The course pursued by the trial court calls for a reversal of the judgment, and there being nothing to be gained by a new trial a judgment should be rendered in favor of the plaintiff for the relief demanded in the complaint.

In addition to the findings of fact made by the trial court we adopt as findings of fact those proposed by the plaintiff as appears in the record, and numbered 1, 2, 3, 4, 5, 6, 7, 8, 9, 10.

All concurred, except Kellogg, J., who wrote for reversal and new trial, in which opinion Lyon, J., concurred.

*214Kellogg, J.

(for new trial):

I concur in reversal. There should be a new trial. The plaintiff should amend its complaint, and might have done so upon the trial, as clearly there would have been no surprise.

By the terms of the contract, in case the machine did not meet the warranties, the defendant was to notify the plaintiff by registered letter within five days from the time the machine was put in operation. The machine, in October, 1910, was taken from the fair ground to the defendant’s place. The plaintiff’s agent came the next day and set it up and found it would not work successfully. He agreed to put it in condition, and in about a week after he came and put in a new worm, and claimed that remedied the defect, and then obtained a delivery of the notes without further test of the machine. The defendant attempted to use the machine the next day after it came to his place. There is no evidence that'he used it after the plaintiff’s agent put in the new worm, and the transaction was closed by delivering the notes. The evidence is not entirely clear, but apparently the defendant’s theory is that after the plaintiff put the machine in running order and received the notes it was not used until the fall of 1911, when the agent came and tried to make it work. He failed. He then obtained the company’s expert, and, according to the defendant’s version, another failure followed. They were unable to make the machine perform any valuable service. The company was immediately notified at the Rochester office; the agent knew the facts. The provision in the contract that the notice is to be by registered letter directed to the company at Waynesboro, Penn., was not intended as a trap, but only to make sure that the plaintiff would receive the notice.' All the business was done from the Rochester office!
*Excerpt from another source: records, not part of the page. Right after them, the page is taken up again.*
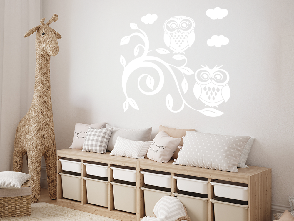 Der Anblick dieses überaus niedlichen Eulenmotivs macht sofort glücklich. Die zwei Eulen ergeben mit den Wolken und dem Ast ein wunderbares Gesamtbild, welches eine tolle Atmosphäre im Raum verbreitet. Das Wandtattoo sieht an der Wand aus wie aufgemalt und kann ganz nach Wunsch platziert werden. Ganz hervorragend eignet sich dieses Wandtattoo für das Kinderzimmer, denn es bereichert dieses im Handumdrehen mit seinen niedlichen Formen und der fröhlichen Ausstrahlung. Groß und Klein sind von diesen putzigen Eulen begeistert. Die selbstklebende, erstklassige Folie ist konturgeschnitten und hat keinen transparenten Hintergrund.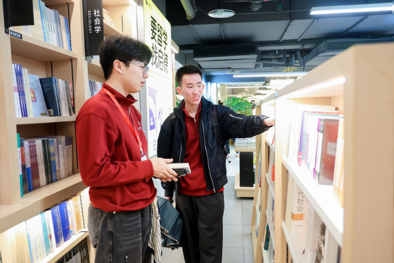 天色已晚,各小组分别前往中心书城。一踏入书城,墨香与纸韵交织着窗外的微凉晚风,瞬间吹散了一日的疲惫。伙伴们或分散流连,或不时聚首:有人在文学专区驻足,指尖轻触经典著作的书脊,仿佛与历代文人展开一场隔空晤谈;有人被社科书籍吸引,沉心于多元思想的交锋之中,悄然拓展着认知的疆域。没有匆忙的步履,没有纷扰的杂念,唯有文字的引力与同伴的相伴,在静谧的时光里缓缓漫溢。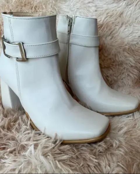 Botas cuadradas. Botas color blanco con punta cuadrada. Talla 24 Material Nairobi. Marca Gabriela. Totalmente nuevas.

Defendant mailed a letter to that office, and there is no question raised, as to its receipt. We then have the circumstances that the agent knew all the time that the machine would not perform the agreed service, and that the company was notified in writing within five days from its first use after the worm was put in and the notes delivered. There is, therefore, a question of fact in the case, and the defendant is entitled to have that question determined by a jury. We cannot deprive him of that right.

*215I, therefore, favor a reversal of the judgment and a new trial, with costs to the appellant to abide the event.